The princess laughed and clapped her hands in delight. “A story!” she exclaimed. “And an adventure story at that! What a fine gift.” (from Clever Jack Takes The Cake by Candace Fleming)
Big talk July 30, 2012
But Lucky couldn’t handle the small talk when what she needed was big talk. She needed to say important things but couldn’t, so she made her way through the crowd to the door. (from Lucky For Good by Susan Patron)
Farewell July 17, 2012
But, reader, there is no comfort in the word “farewell,” even if you say it in French. “Farewell” is a word that, in any language, is full of sorrow. (from The Tale of Despereaux by Kate DiCamillo)
Tired of tragedey July 14, 2012
But I was tired of tragedy. I wasn’t designed for all this loss and sacrifice and horrible sadness. (from The Serpents Shadow by Rick Riordan).
Broken July 12, 2012
All living things have a heart. And the heart of any living thing can be broken. (from The Tale of Despereaux by Kate DiCamillo)
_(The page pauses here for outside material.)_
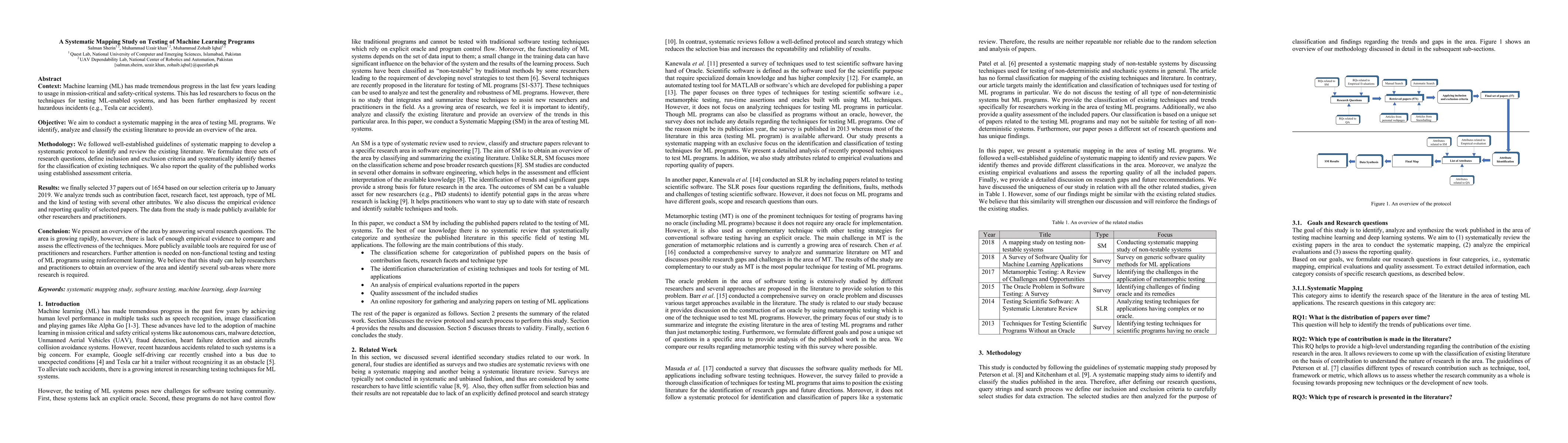 This paper systematically maps the literature on testing machine learning programs, identifying and classifying 37 papers from 1,654 reviewed. It highlights trends and gaps, noting a rapid growth but insufficient empirical evidence and a need for more tools and attention to non-functional testing and reinforcement learning.

Two months ago I had a baby girl and on the same day a friend of mine had a baby boy. June and Ezra–we called them birthday buddies. It was so much fun to compare notes on everything, to be next door hospital room neighbors, to see so many similarities between our sweet babies. On Tuesday afternoon, Ezra passed away suddenly. I can’t really write about it but I can’t really think about anything else. It’s like lightening striking the house next door–so close to home I can feel the heat and the shock and smell the burning wood. Yesterday I went to see my friend, Ezra’s mommy, and I saw a home full of broken hearts. If you pray, reader, will you pray for them?
Digging July 10, 2012
Digging holes is fantastic! It makes you forget your troubles. (from Alvin-Ho: Allergic To Camping, Hiking, And Other Natural Disasters by Lenore Look)
Free Advice July 8, 2012
Here’s some free advice: Don’t walk toward Chaos. (fromThe Serpent’s Shadow by Rick Riordan)
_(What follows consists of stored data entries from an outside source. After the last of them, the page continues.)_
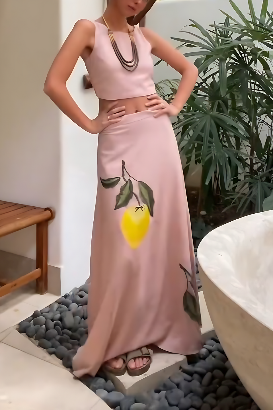 Inspired by the golden sunshine and vibrant landscapes of the Italian coast, this skirt captures the essence of summer with delicate lemon embroidery set against a soft blush pink background. Its fluid, timeless silhouette evokes the Mediterranean breezes and relaxed elegance with its effortless flow.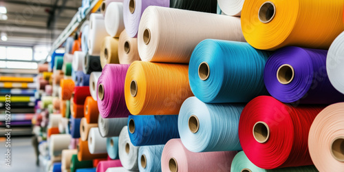 Colorful spools of thread arranged in fabric store, showcasing variety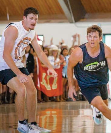Left: Alpha Gamma Rho member Gage Milner (left) and FarmHouse member Jack Smithton in the Basketball Bonanza tournament.

I’m moving to Georgia in a couple of weeks, and I have to tell you that I feel like I’m walking toward chaos. In fact, I feel like I’m running pell mell toward chaos as I deal with details for the sale of my place here and the purchase of my new place in Atlanta, pack up all of my things and make decisions about what to keep and what to get rid of, play mental tetris with the space in my car trying to figure out what I can keep with me, and begin the slow process of saying goodbye to this place that has been my home for the past two years and the people who have made my life here absolutely wonderful. These days I’m feeling pretty bummed about having to leave Boston, but I’m also looking forward to the relative calm of settling in and setting up house and establishing the rhythms of a new normal.